Archivi categoria: Interviste

Intervista ad Alessandro Defilippi

Nome: Alessandro
Cognome: Defilippi
Ultimo lavoro: Locus Animae

Hai carta bianca: descriviti come preferisci.

Snello, biondo, bello, intelligente. Soprattutto molto giovane.

Ma solo una delle cinque cose è vera. Spero!

Alessandro Defilippi (foto di Ivan Bologna)

Ti va di raccontarci il tuo ultimo lavoro?

In realtà non è l’ultimo. Locus Animae è la riedizione e la revisione del mio secondo libro e primo romanzo, uscito inizialmente nel 1999 da Passigli e poi nei Gialli Mondadori nel 2007. E’ la storia di un medico che lavora alla biografia di uno scienziato vissuto ai tempi di Freud e che, durante le ricerche, si trova di fronte al Male, quello con la M maiuscola. E’ un libro che amo molto, legato a quella letteratura del mistero che fiorì tra l’800 e il ‘900 soprattutto in lingua inglese. Per intenderci, da Machen a H. James, da Blackwood a certo Wells.

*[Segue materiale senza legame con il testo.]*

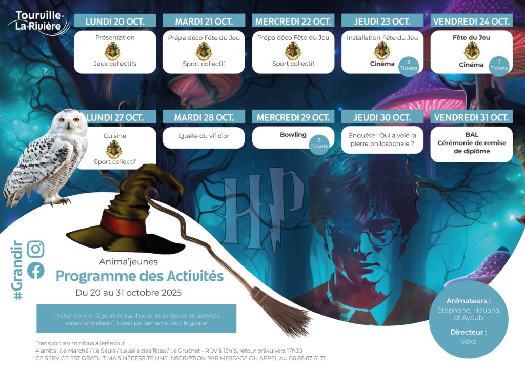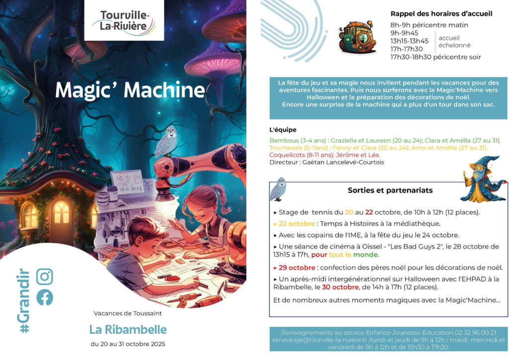 Jeunesse : programmes des vacances de la Toussaint Anima’jeunes et la Ribambelle vous accueillent durant les 2 semaines des vacances de la Toussaint. Alors découvrez sans plus tarder ce qui vous attend ! Vos vacances à la Ribambelle Vos vacances à Anima'jeunes Précédent Aire de grands passages : rassemblement jeudi 16 octobre à 18h30 devant la mairie Suivant La Fête du jeu 2025 sur le thème de la magie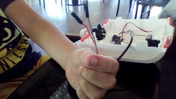 Desenroscar la cámara rover y pegado con pegamento caliente en la parte delantera del rover (el hecho de la vivienda aparecen en el feed de video) y había perforado un agujero en la parte trasera del rover y resbala la antena a través de ella y pegó el transmisor hay con cinta. (El transmisor hecho caber debajo del orificio de antena normal). Es accionado por el puerto de balance con los adaptadores de puente (hembra-macho) a 7.4V, como se muestra en la segunda foto de este paso.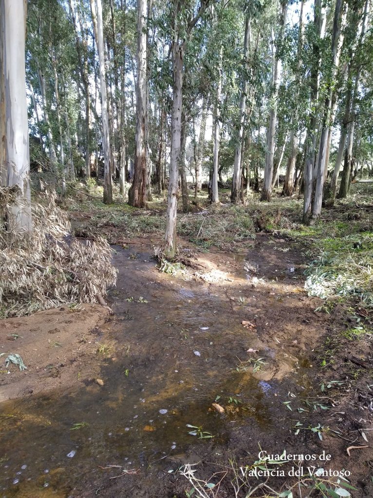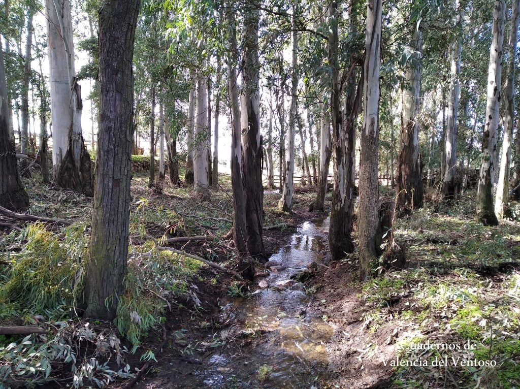 Después de saltar la pista interior de Doña Elvira, el arroyo de la Cueva de la Mora se introduce en el eucaliptal, situado bajo el cortijo de Doña Elvira, y serpentea entre los eucaliptos.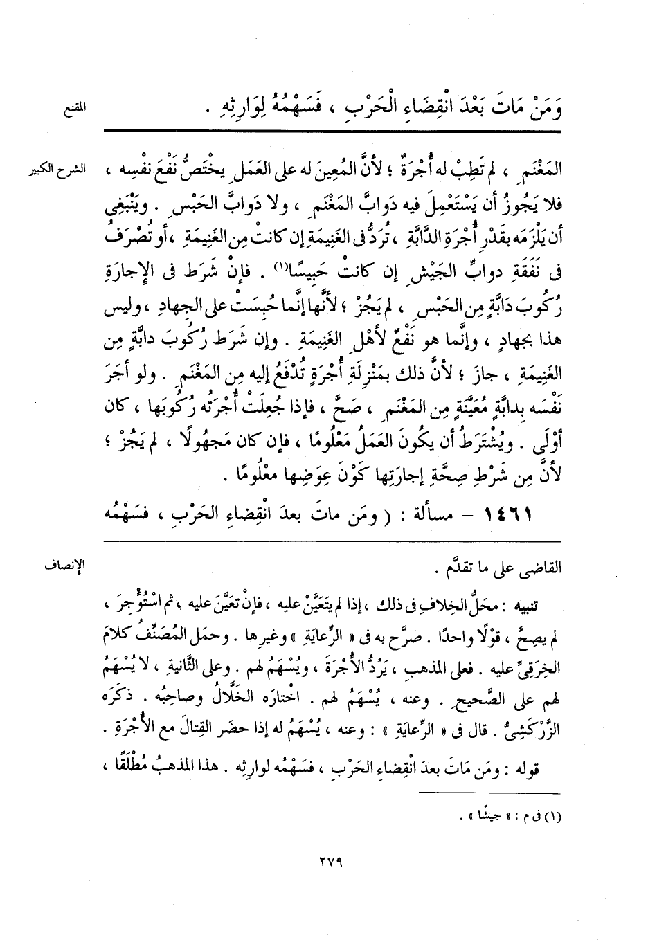 قوله: ومَن مَاتَ بعدَ انْقِضاءِ الحَرْبِ، فسَهْمُه لوارِثِه. هذا المذهبُ مُطْلَقًا،
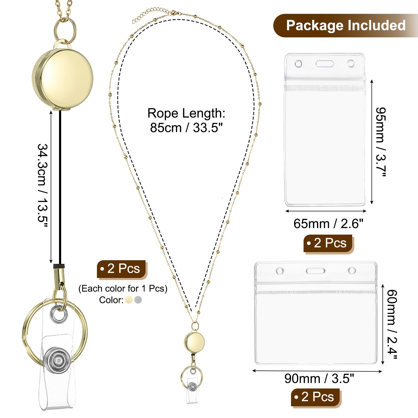 Badge Necklace Lanyard with ID Holder, Stainless Steel Retractable Square Badge Reel Lanyard Clip Chain with ID Holder for Woman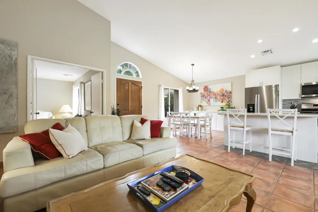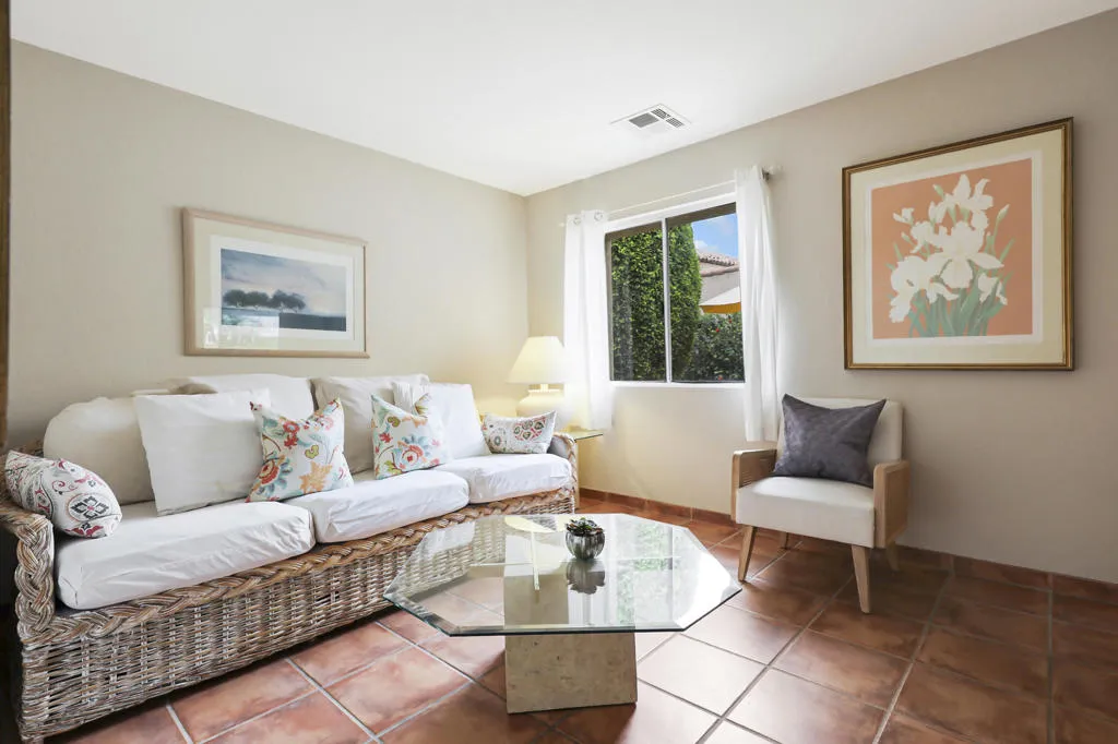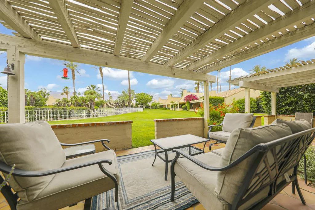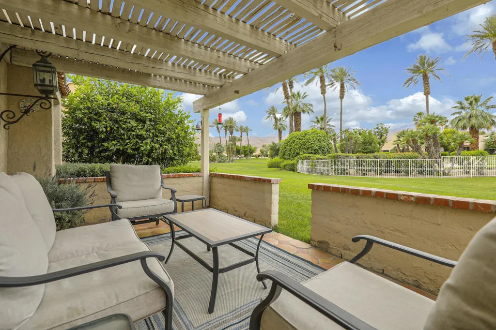 Welcome to this charming, fully detached Spanish-style hacienda, offering breathtaking mountain and pool views. This exceptional property is offered turnkey furnished, making it move-in ready or ideal as a second home or investment.A spacious tiled front courtyard creates a warm and inviting entry, while the beautifully finished rear patio provides the perfect setting for outdoor relaxation and stunning sunset views.Inside, the updated kitchen features elegant quartz countertops, a center island, stainless steel appliances, and stylish cabinetry--perfect for both everyday living and entertaining. The open-concept great room showcases vaulted ceilings, a cozy fireplace, abundant natural light, and picturesque views that enhance the home's airy feel.Both bathrooms have been tastefully renovated, and the versatile den/third bedroom includes built-in office space--ideal for working from home. A thoughtfully designed split-bedroom layout ensures privacy, with secondary bedrooms well separated.Additional highlights include fully paid solar and a two-car attached garage.Located in the sought-after ''Casitas'' at Rio Del Sol, residents enjoy exclusive access to a private lake, two pools and spas, and beautifully maintained green spaces. Additional community amenities include a larger pool and spa, tennis courts, and a dog park.Experience the perfect blend of tranquility, comfort, and vibrant community living--welcome home to Rio Del Sol!

Quando hai iniziato a scrivere, sapevi già che – prima o poi – ti saresti imbattuto in un romanzo come questo?

Certo. Ho iniziato a scrivere anche per poter leggere i libri che mi piacevano, perché non ne trovavo più di simili. Scrivere è una fatica, talvolta un dolore, ma anche divertimento e gioia. Si sta bene, lì dentro.

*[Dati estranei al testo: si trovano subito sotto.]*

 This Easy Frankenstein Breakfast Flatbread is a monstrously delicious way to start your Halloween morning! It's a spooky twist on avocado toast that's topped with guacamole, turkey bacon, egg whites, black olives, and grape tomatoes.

Hai mai ballato sotto la pioggia?

Ma mi avete guardato bene?

Esiste un libro che avresti voluto scrivere tu?

Moltissimi. Tutti i libri di Julio Cortazar, per esempio. E di certo c’è un film che avrei voluto dirigere: Blade Runner.

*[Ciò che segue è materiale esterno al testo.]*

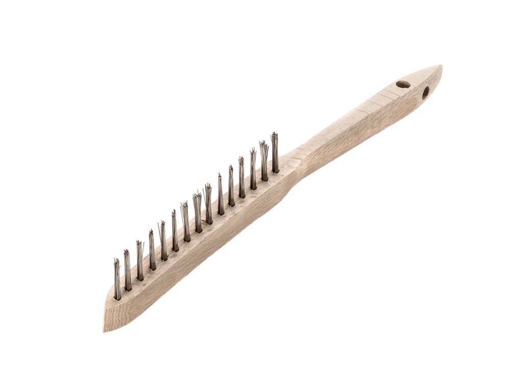 Die Handbürste wird zur manuellen Entfernung von Rost, Schmutz und Farbe auf Edelstahl- oder Aluminiumoberflächen verwendet. Der Bürstenkörper ist aus PEFC zertifiziertem Buchenholz mit doppeltem Aufhängeloch gefertigt. Die hochwertige „Made in Germany“ Qualität wird oft in Handwerksbetrieben, Reparaturwerkstätten, Industriebetrieben und bei Heimwerkern verwendet.
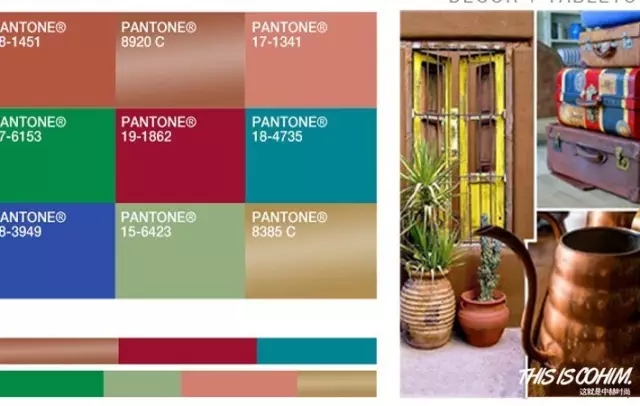 2017年最新色彩趨勢估測,軟裝設計調(diào)色方案中可以混合搭配46種色調(diào)。并且為了增加設計的柔和感,多種色彩可供選擇,包括暖咖色、茶褐色、赭色、杜威藍和高級灰等。如果把這一類色彩與現(xiàn)代元素搭配起來,視覺效果會更強。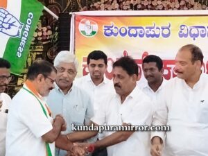 ಮೂರು ಬಾರಿ ಕುಂಭಾಶಿ ಗ್ರಾಮ ಪಂಚಾಯತ್ ಸದಸ್ಯರಾದ , ಮಂಜುನಾಥ್ ಹತ್ವಾರ್ ರವರು, ಗ್ರಾಮೀಣ ಕಾಂಗ್ರೆಸ್ ಅಧ್ಯಕ್ಷರಾದ ಅಣ್ಣಯ್ಯ ಪುತ್ರನ್ ರವರ ನೇತೃತ್ವದಲ್ಲಿ ಕಾಂಗ್ರೆಸ್ ಪಕ್ಷಕ್ಕೆ ಸೇರ್ಪಡೆಗೊಂಡರು.

La tua canzone preferita è…?

Ho circa cento canzoni preferite. E tutte sono la più bella del mondo. Le prime che mi vengono in mente sono: Haja o que houver dei Madredeus, I’m on fire di Springsteen, Anime salve di De Andrè e Una notte in Italia di Fossati. Un allegrone, insomma.

Che rapporto hai con la televisione?

Sovente contronatura. Nel senso che in genere la guardo facendo altro: cucinando o leggendo. Ma non mi perdo né le partite di calcio né – ahimé – Masterchef.

E con il cinema?

Ottimo. Ma ultimamente vado poco al cinema e preferisco rivedere i miei registi preferiti: Bergman, Bunuel, Truffaut e soprattutto quel genio di John Ford. Si può dire che sono un fan di John Wayne? L’ultima grande scoperta sono i film di Hayao Miyazaki.

Hai mai parlato al telefono per più di due ore?

Sono grato al destino che me lo ha evitato. E spero di conservami vergine d’orecchie.

Ti piacciono i proverbi? Ne usi uno più spesso?

Nei miei ultimi libri c’è un personaggio che ne fa un largo uso. Io personalmente amo le citazioni e gli aforismi. Sono comodi: talvolta dicono meglio di te quello che hai in mente. E ti ricordano che c’è sempre qualcuno più bravo di te.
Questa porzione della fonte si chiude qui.